What the task requires —
Below is a listing with pictures in it; transcribe exactly the lines from the one that has "Schickes, figurbetontes Longsleeve" through the one that has "13A 2G DP Switched", and omit those pictures.

Records for the task —
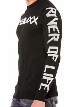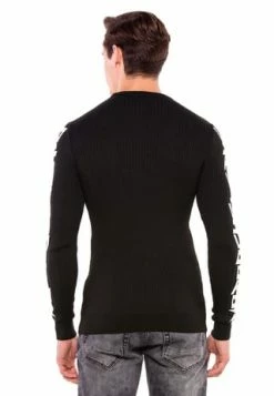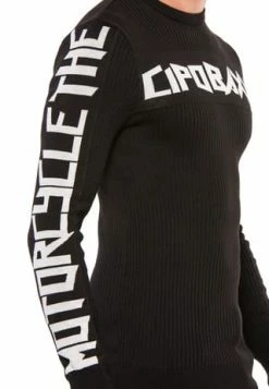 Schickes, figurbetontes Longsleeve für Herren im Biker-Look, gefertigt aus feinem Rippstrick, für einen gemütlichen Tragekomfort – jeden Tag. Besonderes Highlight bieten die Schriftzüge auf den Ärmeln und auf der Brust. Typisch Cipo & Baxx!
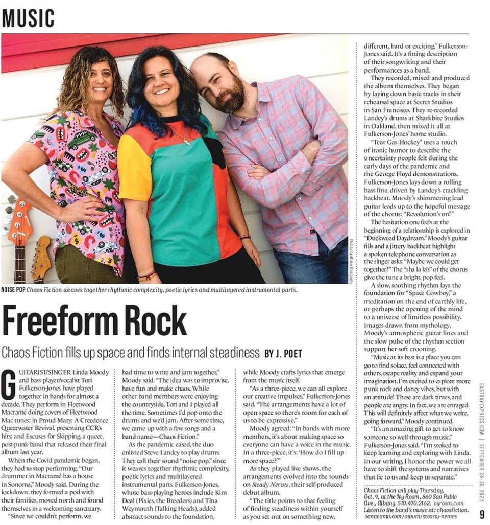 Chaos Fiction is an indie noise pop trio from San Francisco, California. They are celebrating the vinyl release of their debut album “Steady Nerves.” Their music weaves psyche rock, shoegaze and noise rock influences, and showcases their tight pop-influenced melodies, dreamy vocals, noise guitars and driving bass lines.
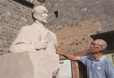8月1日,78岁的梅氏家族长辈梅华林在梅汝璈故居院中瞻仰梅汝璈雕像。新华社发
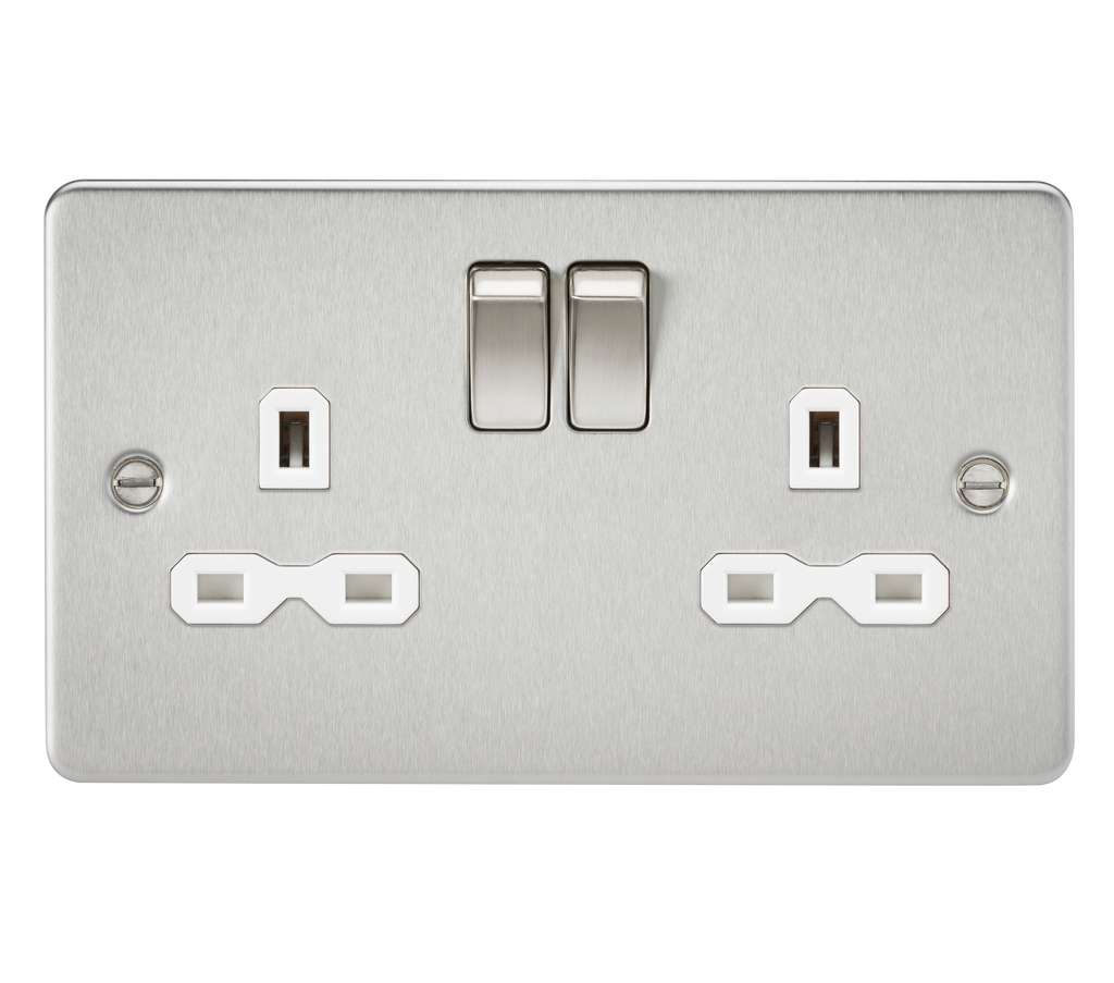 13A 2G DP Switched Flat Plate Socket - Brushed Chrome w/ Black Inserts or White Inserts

==

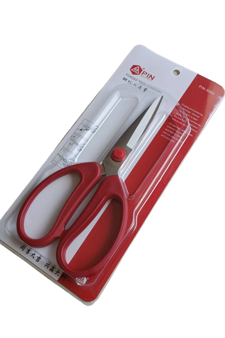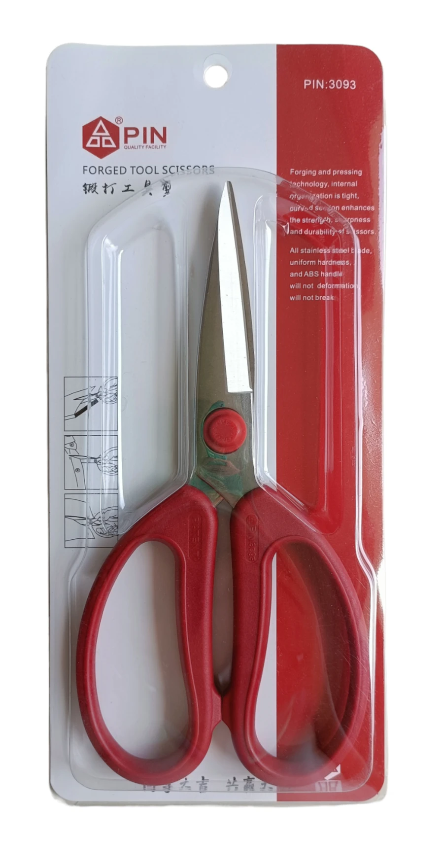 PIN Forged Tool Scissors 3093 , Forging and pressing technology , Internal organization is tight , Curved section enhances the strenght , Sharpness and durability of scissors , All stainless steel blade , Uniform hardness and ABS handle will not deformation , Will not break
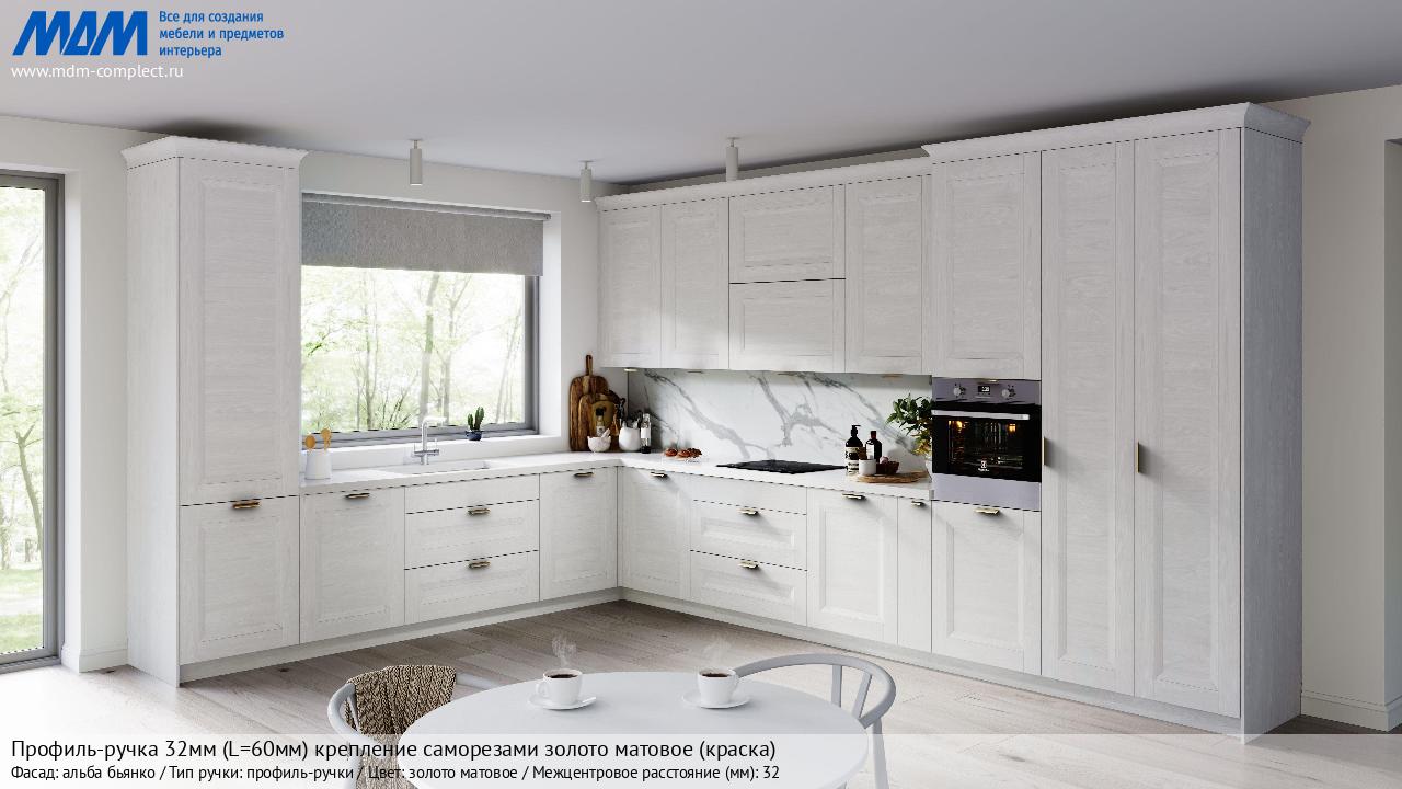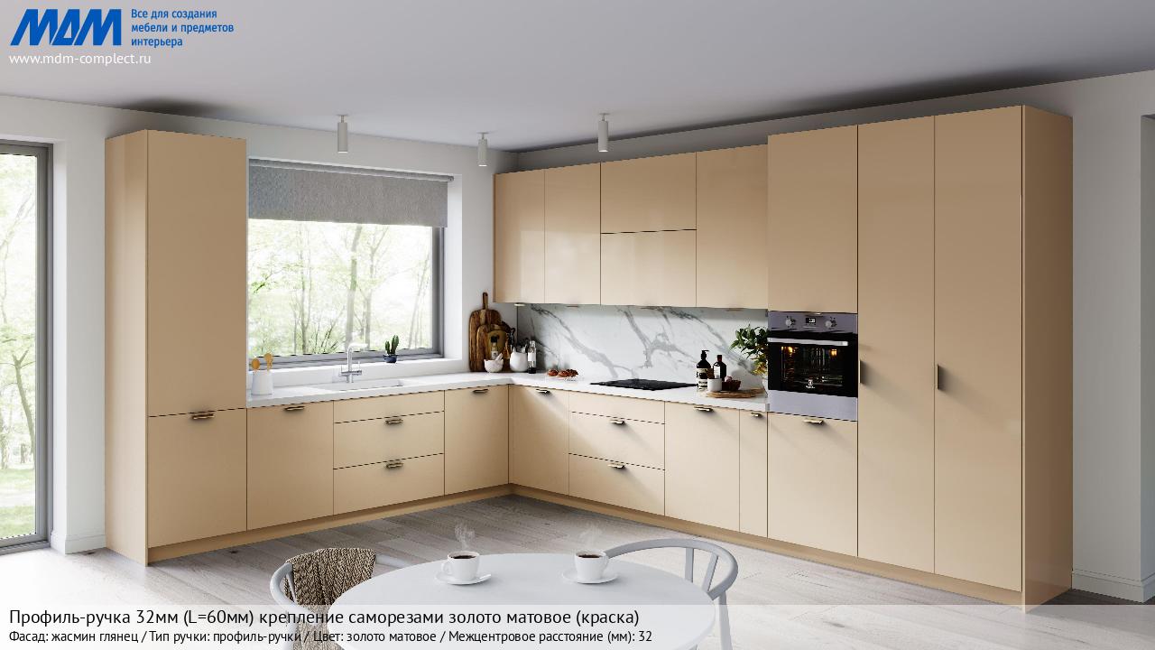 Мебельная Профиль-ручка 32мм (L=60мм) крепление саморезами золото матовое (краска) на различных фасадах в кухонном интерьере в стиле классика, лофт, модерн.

Your response —
 Schickes, figurbetontes Longsleeve für Herren im Biker-Look, gefertigt aus feinem Rippstrick, für einen gemütlichen Tragekomfort – jeden Tag. Besonderes Highlight bieten die Schriftzüge auf den Ärmeln und auf der Brust. Typisch Cipo & Baxx!
 Chaos Fiction is an indie noise pop trio from San Francisco, California. They are celebrating the vinyl release of their debut album “Steady Nerves.” Their music weaves psyche rock, shoegaze and noise rock influences, and showcases their tight pop-influenced melodies, dreamy vocals, noise guitars and driving bass lines.
8月1日,78岁的梅氏家族长辈梅华林在梅汝璈故居院中瞻仰梅汝璈雕像。新华社发
 13A 2G DP Switched Flat Plate Socket - Brushed Chrome w/ Black Inserts or White Inserts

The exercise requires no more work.